The chakra which is related to fire element, is the third charka. The third chakra controls stomach, liver, spleen, gall bladder and the nervous system. When the third chakra is well balanced, it gives us forgiveness and emotional relief. On the other hand, when it lacks the balance, it leads to anger, regret, and hatred. The natures of fire element are intelligence, vitality, insight, actions, and thoughts and guide us to the right direction.

It is necessary to balance these two chakras, because too much fire element will cause depletion of the water and too much water element will cause extinction of the fire. We can see some bipolar nature like these two elements in Dokudami. Smooth surfaces of the white bracts and softness of the yellow flowers like a tail of cat are in contrast to textured backside of the leaves and strong stems, which we cannot pick easily. There are male energy (explicit) and female energy (implicit) in the flowers, which make one living form.

What I see in Dokudami is a pair of explicit and implicit, which we also see in persons and all things. The more we learn our explicit side in ourselves and accept it as a part of us, the better implicit side we tend to have. It is the growth of our soul. We learn it again and again through our lives. We experience many kinds of yin and yang, such as one between mother and children, one among the members of a group, one in partnership. By the emotion we have when we go through the above cases, we become off-balance in mind, which brings us some disease. We have been using Dokudami since ancient times because we know that Dokudami fixes our insides governed by the third chakra, makes us relax, cleans the streams of blood governed by the second chakra, reproduces them, and leads our bodies, minds, and souls.

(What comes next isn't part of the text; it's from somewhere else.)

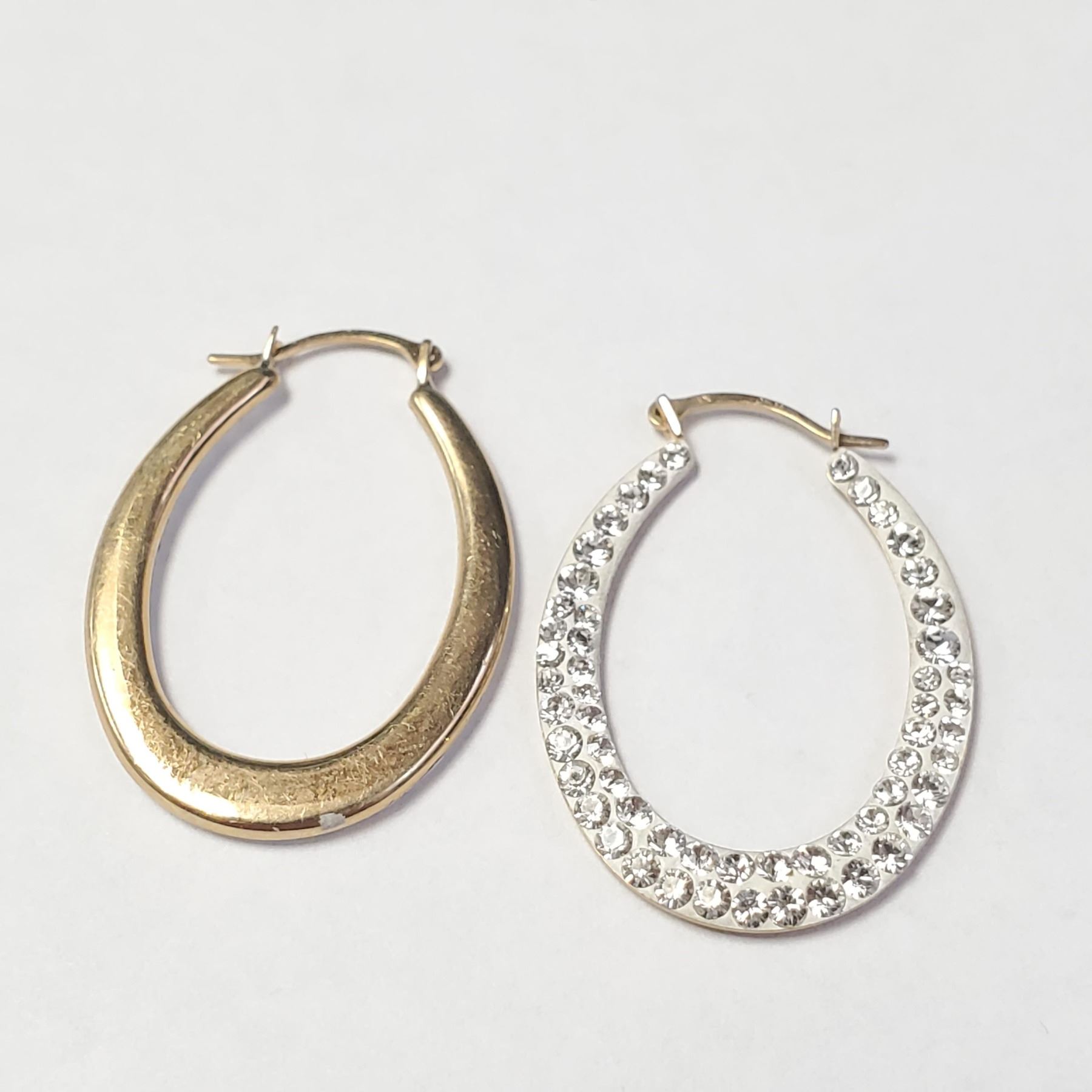 10K YELLOW GOLD 1.28G CRYSTAL HOOP EARRINGS, SUGGESTED RETAIL VALUE $800

From the point of color analysis, the yellow color of the flowers expresses relationships and communication between others. The white color of the bracts expresses purification and service to human beings and natural world. The bracts, as if spreading to hold the flowers, seem to develop the concept of service, giving us the purification of our emotion, forgiveness, and healing during the growth of our mind.
(Kobayashi)

Artistic Expression:

Dokudami
by Kumiko Tsuruta
Japanese translation below

In the pale dark
I open my heart
Longing for the light of the Sun

However
In the light of the Sun
My heart would be scorched

Ah, this passion
Blazing in red

Oh, God
In my heart
Make a pure white cross flower
In bloom


Collage by Hiromi Yamamoto

About the students:

Miho Kawakami has her own therapy room and conducts healing sessions with flower essences and the Tarot. She does several things to spread information about flower essence therapy to a wide range of people, including publishing a magazine and teaching classes on flower essences.

Chieko Kobayashi is an Energy Chakra Therapist and Counselor who has her own therapy room, "Pur Coeur C Room," in Yamanashi-Prefecture, Japan.

Yuko Oda works as a sales person in a shop. She was seeking "joy for her soul" for a long time and then met flower essences. Now she feels life's truths and has increasingly deeper insights. She hopes her heart will continue to open much more to allow the growth of love within herself.

Hiromi Yamamoto works as a body therapist using essential oils, and is guided and helped by flower essences everyday. The use of Self Heal Creme has been her favorite since first beginning her practice.